If your water heater seems to be making strange noises, such as rumbling or popping, it is likely that there is sediment build-up in the bottom of the tank. This is an easy fix for your plumber, who will simply drain the water from the tank and flush it. This should be done at least once per year to prevent sediment from building up and causing the unit to malfunction.

Another common problem with water heater tanks is when they stop heating altogether. If your electric or gas water heater is suddenly stopping heating you might have a bad thermostat or heating element. You can check for a faulty thermostat by using an electrical continuity tester, which you can find at most hardware stores for about $10. If your water heater has two heating elements you might have one that has burned out.

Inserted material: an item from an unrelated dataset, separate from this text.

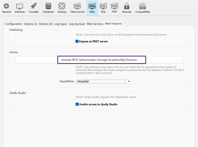 Tech Tip: Qodly Studio Preview: 404 Error Caused by Disabled REST Authentication Setting

If you have a gas water heater with a pilot light, you might need to have the thermocouple or the gas control valve replaced. These are important parts that keep your water safe from dangerous carbon monoxide. If your water heater has a gas leak, it is important to have it fixed immediately. A leaking gas water heater can leak carbon monoxide into the home, which is extremely dangerous and may even be fatal. If you think your water heater is leaking it’s a good idea to have it inspected by a plumber right away, so they can fix the problem before it gets worse.